Collectively predefining valuesets that correspond to a specific phenotype criterion before distribution of the phenotype definition has been proposed³⁷. Usage, however, may not always be feasible for implementing institutions. For instance, while the Logical Observation Identifiers Names and Codes (LOINC) vocabulary is used to codify lab tests, some institutions may use an institution-local code-set without a LOINC mapping. Incorporating standard vocabularies in CDMs such as the OMOP CDM¹³ partially addresses this issue, but requiring usage of the CDM violates Desideratum I, and implementations are non-uniform⁵. In addition, the information required for a phenotyping task may not always be fully representable in the CDM. Explicitly defining such valuesets, while helpful as an initial reference point, will therefore often still require additional manual conversion.

To reduce manual burden, increase mapping reusability, and accelerate the implementation of new phenotype definitions, tools should therefore provide the capability to autonomously convert textual descriptions into local representations. An interface should be provided for abstractors to review/refine conversions. In addition, the capability for individual institutions to implement mappings to local datasets from textual descriptions should be provided. Existing examples of such autonomous mapping systems include Eligibility criteria Information Extraction (EliIE)³⁰ and Criteria2Query³⁸. General clinical NLP systems such as MedTagger³⁹ and the Clinical Text Analysis Knowledge Extraction System (cTAKES)⁴⁰ are also repurposable for this task.

Desideratum V: Maximize reusability and data reproducibility, minimize technical overhead, and enhance downstream generalizability

The domain expertize of typical users of phenotyping tools differs from those that would possess the knowledge to integrate tools with local data sources, and extract information from said data sources.
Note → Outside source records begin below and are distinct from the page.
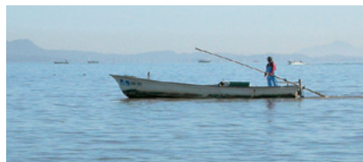
シジミ漁のようす

松江市役所 Tel: 0852-55-5555 出雲市役所 Tel: 0853-21-2211 島根県庁 Tel: 0852-22-5111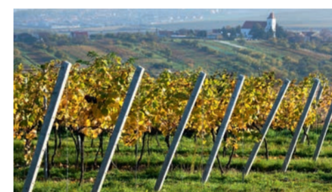
kolonie Pod strážním kopcem na Vrbici se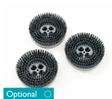
Diskový kartáč CIMEX CYCLONE CR 48 TYNEX 8" - 200mm (3ks)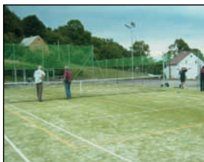
Víceúčelové hřiště v Petrovicích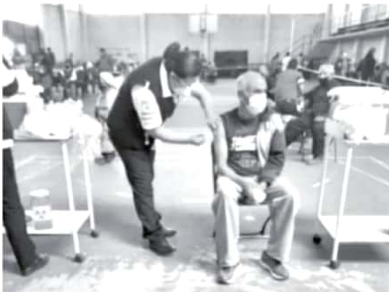
Fueron 413 las personas mayores que recibieron la inmunización de acuerdo con la estrategia federal que ejecuta el personal de la SSM, nadie presentó reacción alguna al biológico.

Se mantiene a disposición de la ciudadanía el 800-123-2890 con 11 líneas para resolver todas sus dudas médicas, así como el micrositio bit.ly/MichCOVID-19 , donde encontrará toda la información del padecimiento.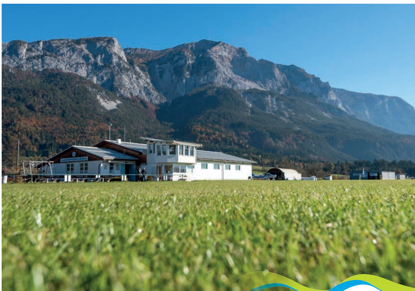
Flugsportverein Nötsch

Unser Flugplatz liegt am Fuße des Dobratsch in Nötsch. Von dort aus starten wir mit unseren Segelflugzeugen und nutzen die Aufwinde der Südwand des Dobratsch, um Strecken bis über 1.200 km ohne Motor zu fliegen.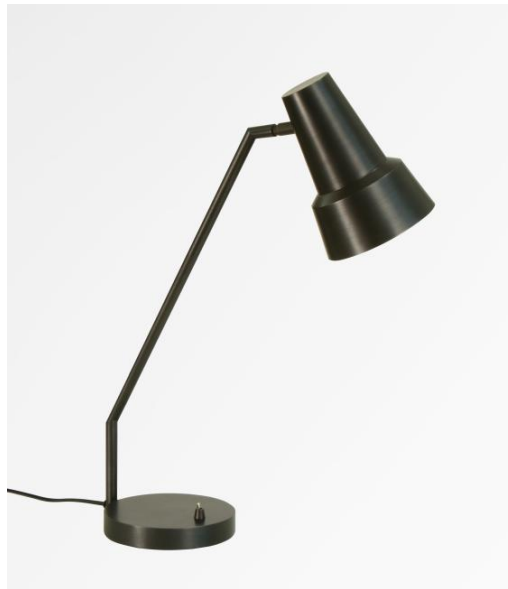
SEVILLA en bronze griffé. Finition du métal : code 29

Ideally, as the latter setup process tends to be the bottlenecking step for in-silico phenotyping algorithm implementation, toolsets should be reusable across multiple phenotyping tasks.

Beyond toolset reusability, however, individual phenotyping projects should also be reusable, from both monoinstitutional and multiinstitutional perspectives. As cohort retrieval is typically only an intermediate, but bottlenecking, step for other downstream applications, the ability to easily reuse identified cohorts is highly desirable to reduce duplicate development/phenotyping efforts^31,41,42,43.
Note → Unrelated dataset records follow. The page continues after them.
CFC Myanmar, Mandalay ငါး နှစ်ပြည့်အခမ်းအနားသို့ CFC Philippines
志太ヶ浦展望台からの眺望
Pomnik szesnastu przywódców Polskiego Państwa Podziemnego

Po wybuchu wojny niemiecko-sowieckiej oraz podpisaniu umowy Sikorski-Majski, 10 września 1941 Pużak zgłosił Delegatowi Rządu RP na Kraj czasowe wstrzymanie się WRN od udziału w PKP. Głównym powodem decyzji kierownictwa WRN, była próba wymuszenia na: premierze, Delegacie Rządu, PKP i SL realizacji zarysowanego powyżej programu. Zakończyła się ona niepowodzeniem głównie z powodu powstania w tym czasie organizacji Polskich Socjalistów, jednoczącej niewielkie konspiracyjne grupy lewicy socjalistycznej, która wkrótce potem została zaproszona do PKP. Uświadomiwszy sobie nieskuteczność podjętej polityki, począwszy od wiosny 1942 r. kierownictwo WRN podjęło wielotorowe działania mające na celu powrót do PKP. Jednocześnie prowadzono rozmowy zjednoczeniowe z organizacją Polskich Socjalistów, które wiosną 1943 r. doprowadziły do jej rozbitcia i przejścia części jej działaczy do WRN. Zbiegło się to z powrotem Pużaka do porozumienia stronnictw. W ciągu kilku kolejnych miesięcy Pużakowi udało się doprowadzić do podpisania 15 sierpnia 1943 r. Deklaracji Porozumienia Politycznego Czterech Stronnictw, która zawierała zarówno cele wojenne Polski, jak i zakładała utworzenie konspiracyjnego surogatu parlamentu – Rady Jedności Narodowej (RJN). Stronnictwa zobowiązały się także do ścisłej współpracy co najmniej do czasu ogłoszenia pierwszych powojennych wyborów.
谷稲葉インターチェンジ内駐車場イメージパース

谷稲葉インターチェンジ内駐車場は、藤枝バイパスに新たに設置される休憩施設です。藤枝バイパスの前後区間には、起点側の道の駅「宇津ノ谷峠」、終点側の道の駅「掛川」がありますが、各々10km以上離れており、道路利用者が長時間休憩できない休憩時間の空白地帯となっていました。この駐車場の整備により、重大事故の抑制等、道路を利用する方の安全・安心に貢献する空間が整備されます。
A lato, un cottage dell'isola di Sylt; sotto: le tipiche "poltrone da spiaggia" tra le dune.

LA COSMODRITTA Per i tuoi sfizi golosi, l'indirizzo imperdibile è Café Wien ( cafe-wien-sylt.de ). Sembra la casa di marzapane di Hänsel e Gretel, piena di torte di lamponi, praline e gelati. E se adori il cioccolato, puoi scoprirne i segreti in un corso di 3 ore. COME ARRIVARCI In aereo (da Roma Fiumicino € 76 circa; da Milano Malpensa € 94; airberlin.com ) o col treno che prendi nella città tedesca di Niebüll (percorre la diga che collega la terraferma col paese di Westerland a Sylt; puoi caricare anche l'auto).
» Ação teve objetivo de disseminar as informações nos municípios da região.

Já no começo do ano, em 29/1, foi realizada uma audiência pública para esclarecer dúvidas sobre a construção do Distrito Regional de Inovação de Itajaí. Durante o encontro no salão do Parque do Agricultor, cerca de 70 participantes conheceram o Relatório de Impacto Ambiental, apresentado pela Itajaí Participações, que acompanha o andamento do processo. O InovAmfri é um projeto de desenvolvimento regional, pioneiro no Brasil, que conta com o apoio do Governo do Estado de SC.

In addition, given that data reproducibility has been found critically lacking for datasets^44,45,46,47, there is substantial benefit in centralized storage of both in-silico phenotyping algorithms and retrieved cohorts within a common toolset for later re-use and/or re-execution.

Finally, while cross-institution sharing of retrieved cohorts is unlikely due to privacy concerns, a common framework with sharable definitions will dramatically facilitate multi-institution phenotyping execution, facilitating development and evaluation of cross-institutionally generalizable digital health applications^8,32,48.

These considerations are one of the motivations behind clinical CDMs such as OMOP¹³ and PCORnet¹⁴.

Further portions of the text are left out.